Greetings from Planet Earth by Barbara Kerley, 2007
Set in the same time period as The Wednesday Wars, this book has a much different pacing and feel to it. It tells the story of Theo, whose dad is MIA from the Vietnam War. His science teacher, Mr. Meyer, gives the class an assignment inspired by the golden record carried by Voyager 2 to the farthest reaches of space: Who are we? The chapters – third-person accounts of Theo and his interactions with his mom, grandma JeeBee, his sister Janet, and his best friend Kenny – are introduced with short monologues in Theo’s voice musing about who we are, both in the cosmic sense and as an individual. His family has two unspoken rules that he’s figured out: If you pretend everything is OK, then everything is OK; and, Don’t talk about Dad, ever. By the end, he is ready to abandon these rules, and convince his family to do the same. I couldn’t help comparing this with The Wednesday Wars. While the latter shows how a year’s worth of events and experiences can add up to gaining a new sense of self, the former shows how uncovering one well-hid truth can change the course of a life.
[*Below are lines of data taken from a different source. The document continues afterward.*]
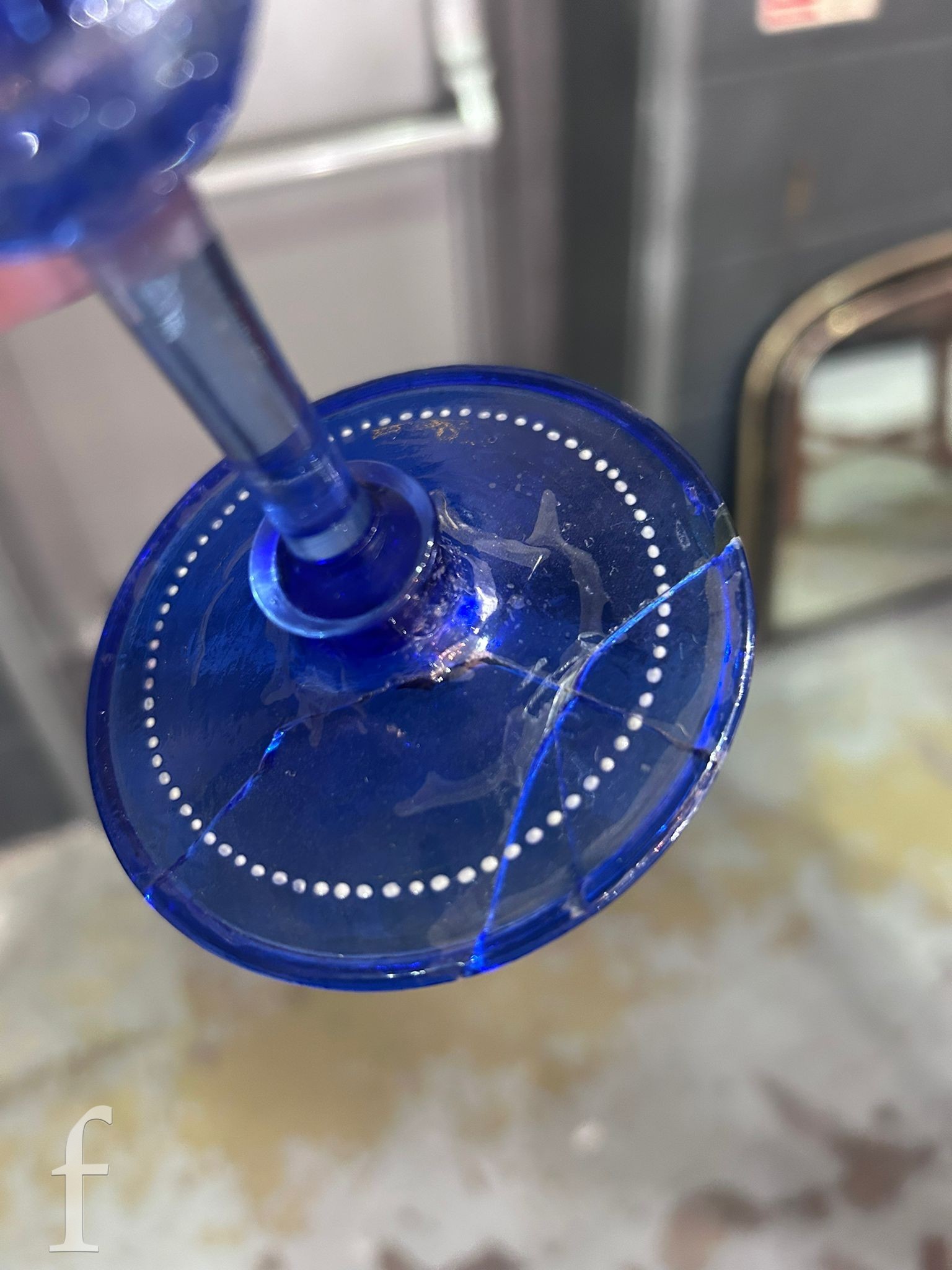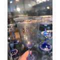 1 wine glass has a broken/cracked foot that is held together with glue.
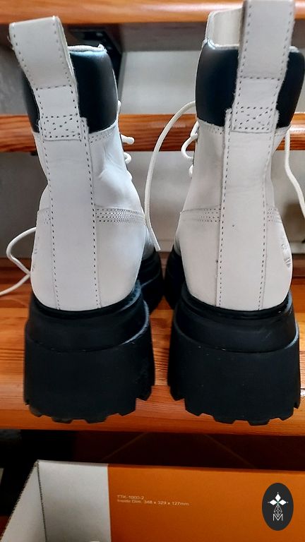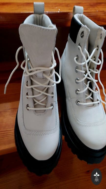 Timberland nahast poolsaapad. Väga kvaliteetsed, mugavad, niiskuskindlad, pehmed. Kantud paar korda, sest kuidagi ei sobinud minu garderoobi. Ostetud paar aastat tagasi Rootsis, nüüd seisavad kurvalt kapis. Sobivad ka jahedamale ilmale, sest neil on paks, libisemiskindel tald ja sees on väike selline polsterdus (soojustus). Kontsa kõrgus umbes 9 cm, aga talla paksus umbes 3 cm, seega kokkuvõttes ei ole väga kõrge konts. Puuduvad defektid, kriimustused või kandmise jäljed. Originaalkast puudub. Sobivad suurusele 39-39.5, normaalsele jalale.
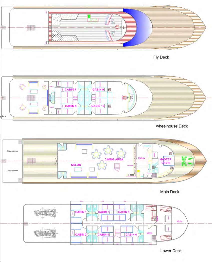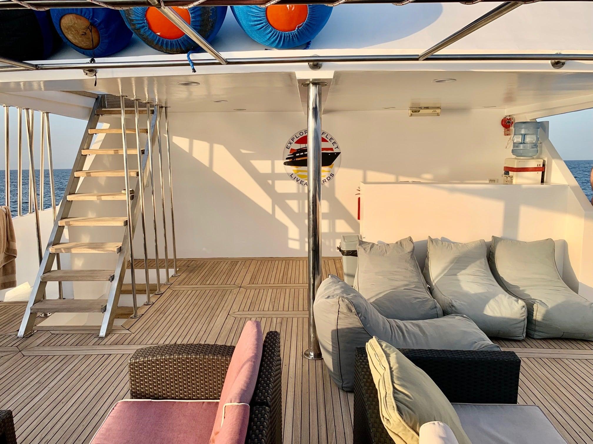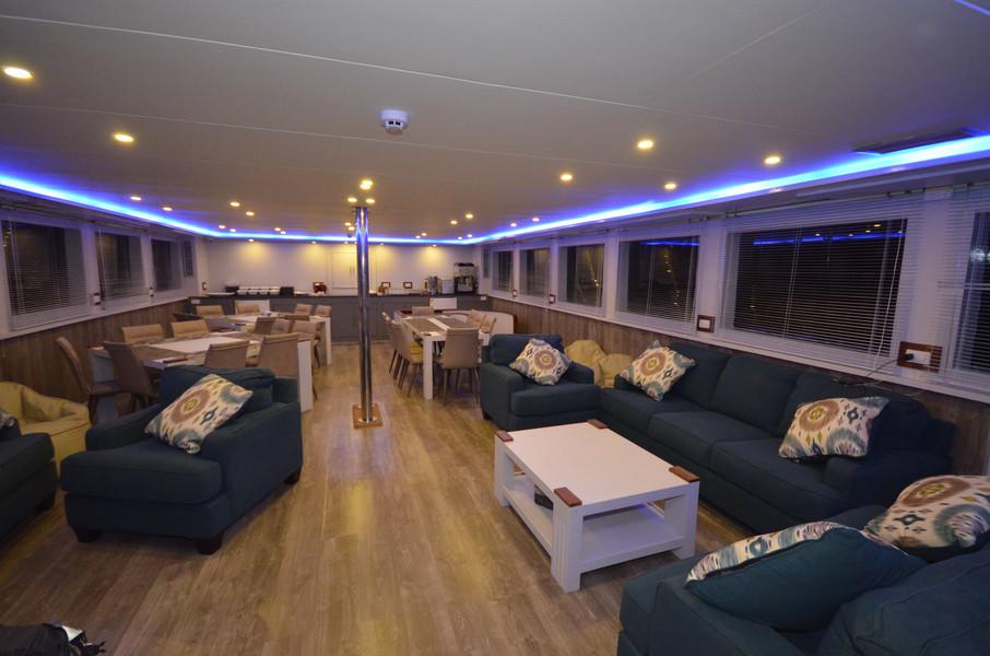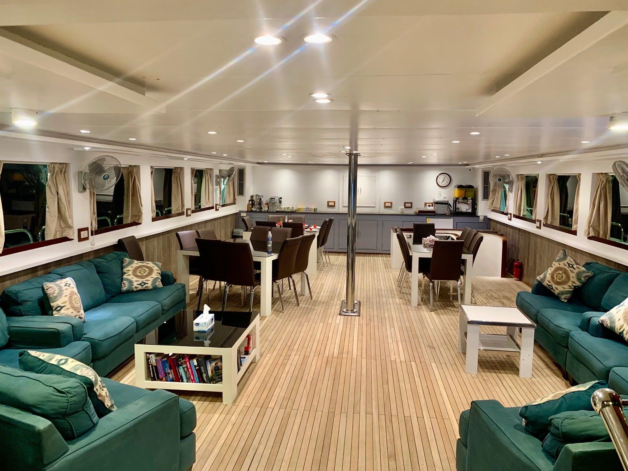 На главной палубе находится уютный салон, а также обеденная зона. Гостям предлагается трехразовое питание и бесплатные безалкогольные напитки. На верхней палубе и сан-дэке есть две лаунж-зоны на открытом воздухе, где можно отдохнуть между погружениями и позагорать.

Some memory-jogging tags: Vietnam War, fiction. Historical fiction. Voyager 2. Space program. Family life. Fathers and sons. Letters. Family secrets. Grandmothers.

MS Rating: Great.

Quotes: P 224: The mom said, “I never acknowledged the sacrifice he made, how much he had to give up. It killed him to leave you and Janet – he knew he’d miss so much of your growing up.” She closed her eyes. “You’d think I could have written and told him that.”
P 155: Mr. Meyer said, “I’ve met a lot of people in my life, Theo. People who truly examine things – examine themselves, even. And people who don’t I see it in school all the time – the kids who just memorize for the test and the kids who really want to understand. You’re someone who wants to understand. The road you’re choosing is the harder one. But your life will be richer because of it.”
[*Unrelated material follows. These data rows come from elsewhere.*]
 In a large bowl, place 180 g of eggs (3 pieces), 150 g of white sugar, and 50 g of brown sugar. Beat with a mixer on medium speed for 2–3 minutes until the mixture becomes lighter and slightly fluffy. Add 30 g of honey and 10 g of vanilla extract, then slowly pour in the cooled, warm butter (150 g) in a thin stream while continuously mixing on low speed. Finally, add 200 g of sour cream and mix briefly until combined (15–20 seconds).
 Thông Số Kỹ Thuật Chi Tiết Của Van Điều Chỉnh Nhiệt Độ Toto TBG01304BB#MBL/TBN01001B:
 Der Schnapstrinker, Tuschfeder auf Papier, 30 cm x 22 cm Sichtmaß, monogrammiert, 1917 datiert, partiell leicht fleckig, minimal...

The Wednesday Wars by Gary D. Schmidt, 2007
Holling Hoodhood is the only child in Mrs. Baker’s seventh-grade class at Camillo Junior High that is not either Jewish or Catholic and doesn’t dismiss early on Wednesday afternoons to attend religious class. So Mrs. Baker teaches him Shakespeare. The story follows Holling through his school year, month by month, filled with humor, humiliation, clumsiness, family dysfunction, Shakespeare, friendship and first love, baseball, track, camping, and finding himself. Set against the background of the Vietnam era, I found this story humorous and very engaging.

Some memory-jogging tags: Vietnam War, fiction. Family life. Long Island, fiction. Baseball, Yankees, fiction. William Shakespeare’s plays, fiction. Humorous story. Historical fiction.

MS Rating: Great.

Quotes: P 118: Vengeance is sweet. Vengeance taken when the vengee isn’t sure who the venger is, is sweeter still.
P 223: I saw my town as if I had just arrived. It was as if I was waking up. You see houses and buildings every day, and you walk by them on your way to something else, and you hardly see. You hardly notice they’re even there, mostly because there’s something else going on right in front of your face. But when the town itself becomes the thing that is going on right in front of your face, it all changes, and you’re not just looking at a house but at what’s happened in that house before you were born. That afternoon, driving with Mrs. Baker, the American Revolution was here. The escaped slaves were here. The abolitionists were here. And I was here.
P 226: And I realized that the biggest part of the empty in the house was my sister being gone. Maybe the first time that you know you really care about something is when you think about it not being there, and you know – you really know – that the emptiness is as much inside you as outside you.